Back then mass market paperbacks were everywhere. Every shopping mall had a B. Dalton’s or Waldenbooks, maybe both, and every supermarket had aisles loaded eight levels high with seven-dollar novels. I could afford one if I scrimped for several weeks, which was how I came into possession of the likes of Ender’s Game and Startide Rising, two sci-fi books I still highly recommend.

A spate of recent articles advised me that mass market paperbacks, those glossily cover-illustrated 4.25”x7” beauties, are all but extinct now. I don’t want to hear that. I don’t know if I can handle a world where impoverished teenagers with interstellar dreams (dreams they see no path toward fulfilling) are further deprived of professionally narrated daydreams. I don’t know how I’d ever have found my way out of McAlester misery if it hadn’t been for those keyholes into something more exciting.

Now, I may not know you personally, but I’m gonna take a wild, swinging guess and suggest you may not be having the best possible year.

It may even be that you could use some cheering up. Maybe an adventure in outer space, a story filled with robots and aliens and funny languages and arena-rocking anthems, would serve as excellent therapy. But hey, no grimdark material, please! Not this year! Not with all that on the news! Imagine a story in which people get ahead, not by shooting or insulting anyone, but by striving to be clever and charming and get along with people who aren’t altogether like them. How does that sound? Pretty good? I thought so.
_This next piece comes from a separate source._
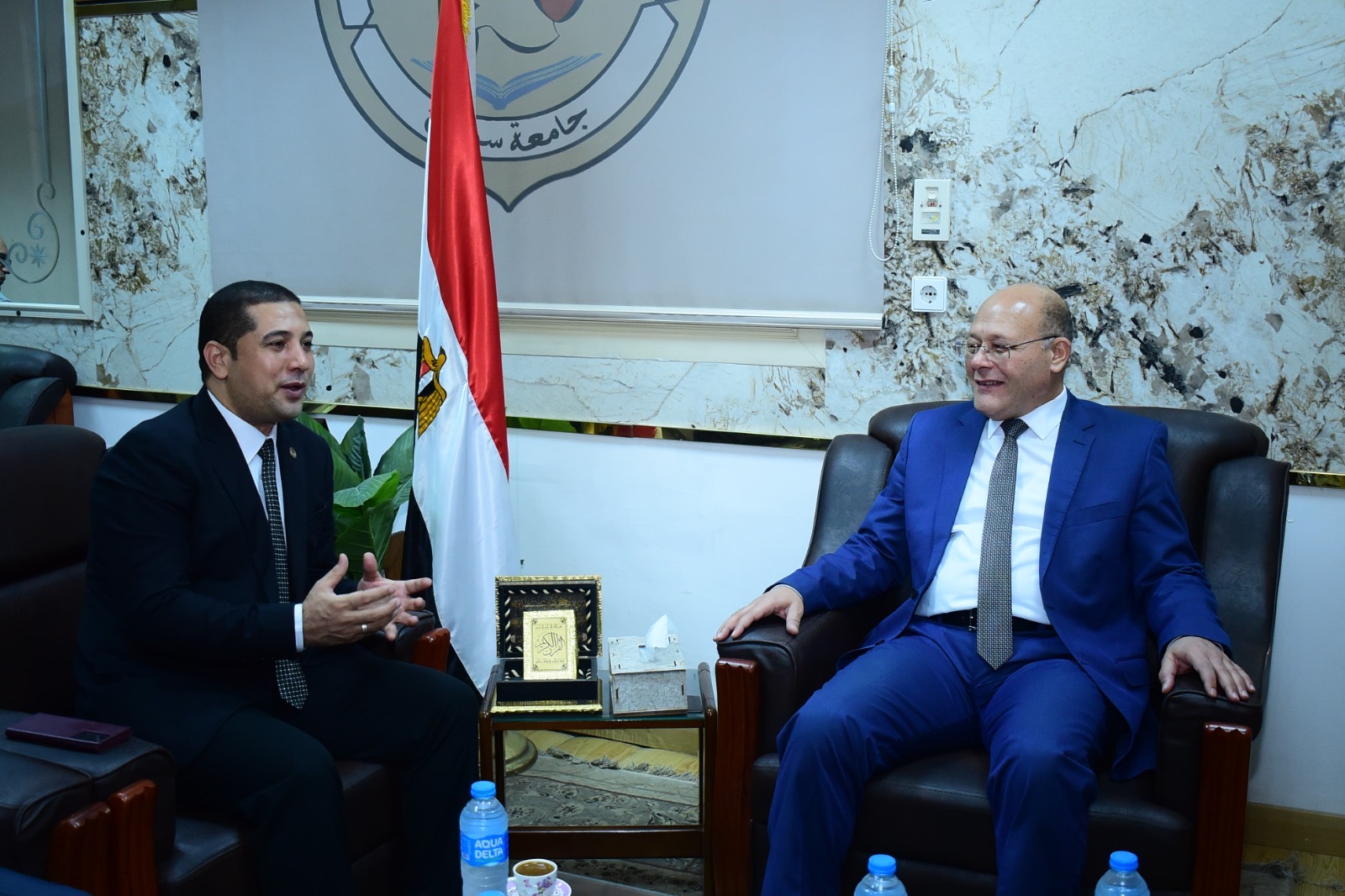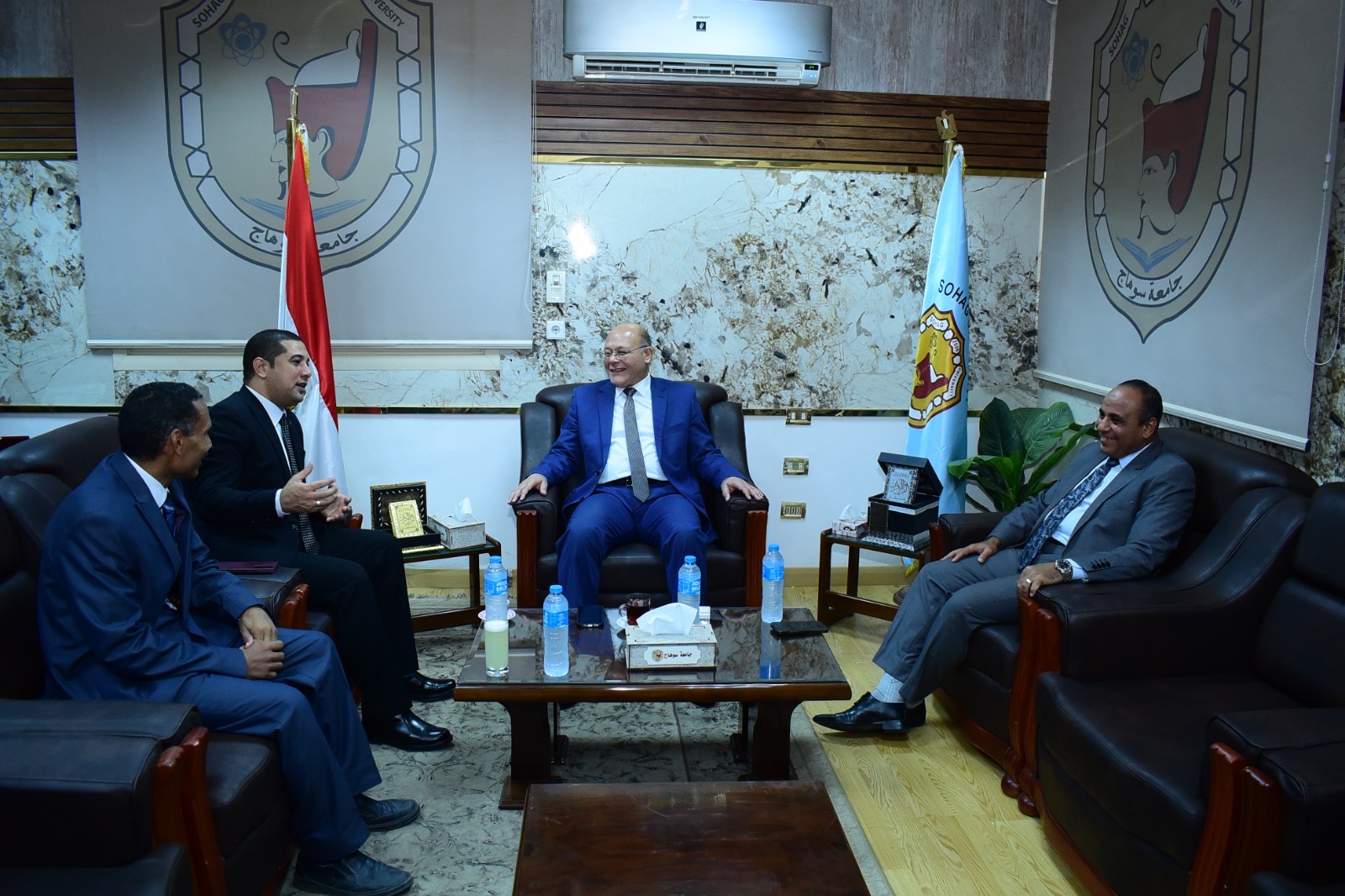 استقبل الدكتور حسان النعماني رئيس جامعة سوهاج الدكتور عاشور عمري عضو المركز القومى للتدريب وإعداد القيادات بأمانة المجلس الأعلى للجامعات سابقًا، للوقوف على الاستعدادات النهائية لإعتماد مركز تنمية قدرات أعضاء هيئة التدريس والقيادات بالجامعة، بحضور الدكتور خالد عمران نائب رئيس الجامعة لشئون خدمة المجتمع وتنمية البيئة والدكتور عنبر محمود مدير المركز.
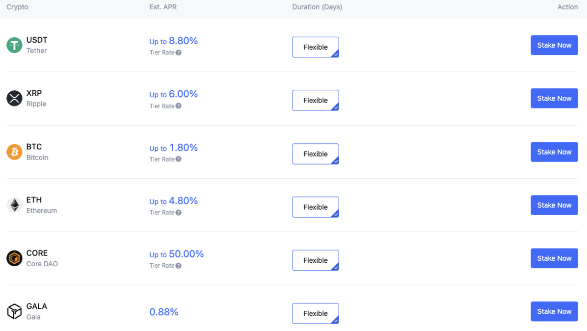 MEXC offre une variété de produits de staking incluant des cryptos populaires comme USDT, BTC, ETH, et d’autres altcoins. Les taux de rendement annuels (APY) varient en fonction de la crypto-monnaie et du type de produit de staking choisi. Par exemple, le staking de DeFi sur MEXC peut offrir des taux allant jusqu’à 8.8% APY pour certaines cryptos.

As I’ve mentioned before, the idea for this book bloomed in my brain in a moment of absolute bliss. A few months later, I started work on it as a way of coping with the COVID-19 pandemic. Yes, I still wanted to write about politics, but not the politics of the 2020s so much as what it means to be an American in the 21st century, period. I didn’t want to write THAT PRESIDENT’s name even once. I wanted to imagine a world where nothing went the way we all hoped it would but we still searched for reasons to hope. Most of all, I wanted to find those reasons for hope and share a bunch of them with you.

Plus I wanted to write dialogue for chick drummers who were sassy-pants androids and neurodivergent aliens who were incredible synth players. I wanted to pretend I was friends with the solar system’s most popular arena rock band. Maybe they’d even let me write some of their song lyrics. Dream big, am I right?

Since 2020 I’ve fallen for those lovable weirdos a hundred times over. I think they were born in some of the very best parts of my id. With more years behind me than ahead of me, I find myself longing to send characters like them out into your world. I hope they live longer than I do. In order for that to happen, though, I need you to find your way into their universe. You can do that for free right now just by clicking the link at top center. You can sign up for news of Volume II there as well, but Volume I will still be free as an EPUB if you don’t. I get paid at my day job. Mostly I want this endeavor to get me read.

So what’re you waiting for? I mean, I guess your neighbor might hand you a copy in an old shopping bag someday, but those days are probably over and besides, you need a pick-me-up pronto. It’s possible you’ve read all this and thought, “OK, Carv, that’s all well and good, but I’m really just not into space stories.” If so, these novels probably won’t be your jam, and I can live with that. I hope you find an adventure that makes you happy on days when you need that. Maybe Xanth! Maybe old Westerns! All I can tell you is Astrojuggernaut and its sequels are the kinds of stories that do it for me. And I might be unusual, maybe even proudly so, but not for one minute have I ever thought that made me unique. I think there are other starry-eyed daydreamers out there, folks who saw Luke Skywalker gazing at a binary sunset and GOT IT, totally GOT IT, and I’ve written these amusing little books so I can hug them all close.